= Sydney Lipworth =

South African businessman (1931–2025)

Sir Maurice Sydney Lipworth KC (Hon) (13 May 1931 – 27 June 2025) was a South African lawyer, businessman, public servant and philanthropist.

==Early life and education==
Maurice Sydney Lipworth was born on May 13, 1931 in Johannesburg, South Africa. His father Isidore Lipworth (originally Lipschitz) was an accountant from Lithuania, and his mother Rae (nee Sindler) was from Latvia. He went to King Edward VII School in Johannesburg and the University of the Witwatersrand.

==Life and career==
===Hambro Life===
Lipworth was a co-founder of Hambro Life Assurance with Sir Mark Weinberg and Lord Joffe in the UK (subsequently called Allied Dunbar Assurance and now Zurich Financial Services) (1971–1988).

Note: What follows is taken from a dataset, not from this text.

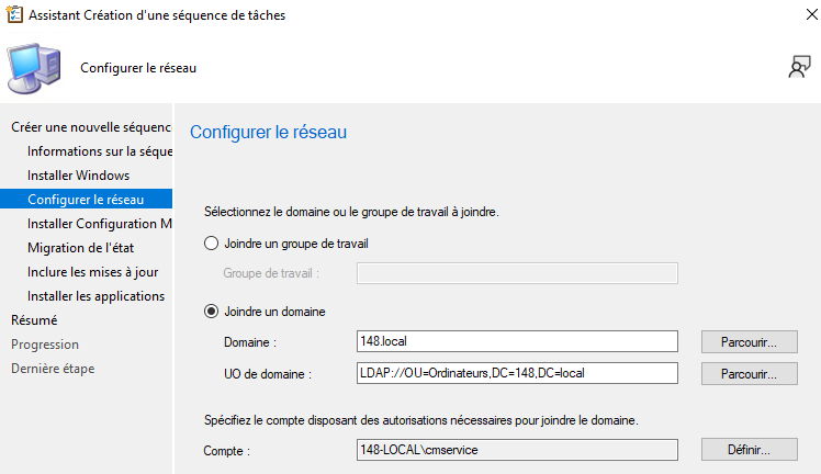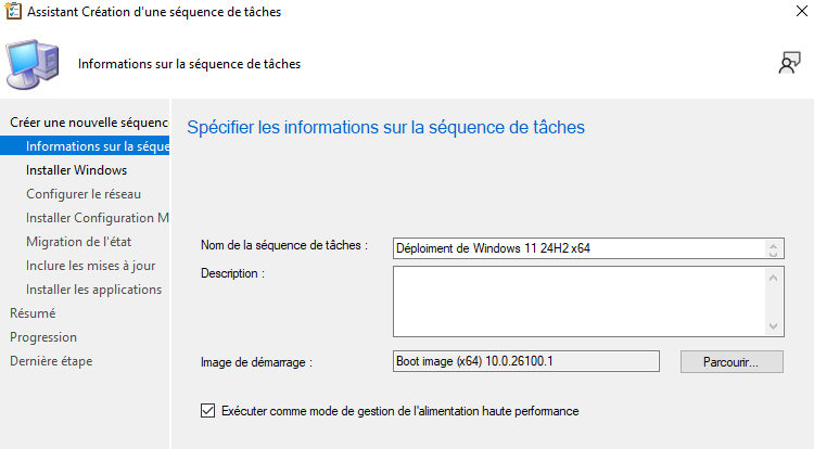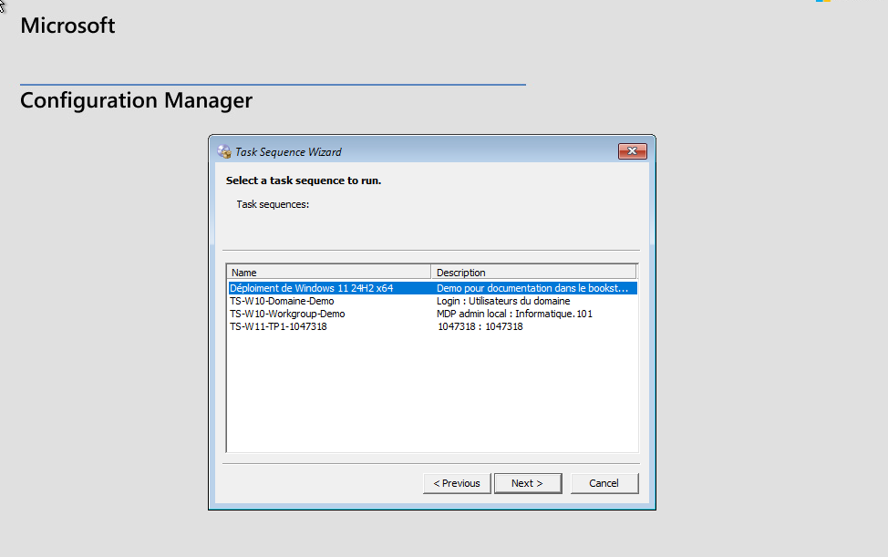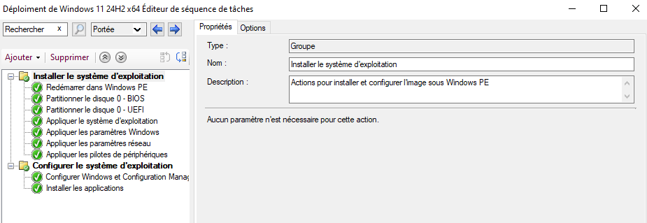 Personnalisation d'une séquence de tâches pour déploiment de Windows

From South Africa, he left out of opposition to apartheid, and in 1964 he and his wife Rosa arrived in London. A trained lawyer, Lipworth joined Abbey Life Assurance, founded by his friend Mark Weinberg. Lipworth became the product creator, and had the idea of designed life assurance policies for professionals. Lord Joffe joined Weinberg and Lipworth in 1965, and they sold Abbey to ITT in 1970. They started the new company Hambro Life, later renaming it Allied Dunbar. It was acquired in 1985 by BAT Industries, then sold in 1998 to Zurich Financial Services. Lipworth was deputy chairman of Allied Dunbar until 1988.

===MMC chair===
From 1988 to 1993, he served as Chairman of the Monopolies and Mergers Commission in the UK (now the Competition Commission). In 1998, he became chair of the Monopolies and Mergers Commission for a five-year term. According to The Times, as MMC chair, Lipworth's "reign coincided with unprecedented corporate takeover activity and territorial incursions from the European Commission, whose competition tsar, the British politician Sir Leon (later Lord) Brittan, thought he and not Lipworth should handle big international mergers. Lipworth resisted, but Brittan got his way." MMC was joined into the Competition and Markets Authority in 2014.

===Later years===
After his time with the MMC, he subsequently served as Chairman of Zeneca plc (now AstraZeneca plc) and Deputy Chairman of National Westminster Bank plc. He also served as Chairman of the Financial Reporting Council and founding Trustee of the International Accounting Standards Committee Foundation (until 2005).

He was also President of the Philharmonia Orchestra Trust, as well as holding several other directorships and charitable appointments involved with the arts.

Lipworth was knighted in 1991. He was called to the London Bar, appointed QC (hc) (1993) and was a Bencher, Inner Temple. He was a member of the Chambers at One Essex Court. He was awarded an honorary LL.D from the University of the Witwatersrand in 2003.

==Personal life==
He met his wife Rosa Liwarek in 1956, and they married two years later. They had two sons. Rosa had been a Jewish "hidden child" in France placed with Christian families to hide her from Nazi persecution.

Lipworth died on 27 June 2025, at the age of 94.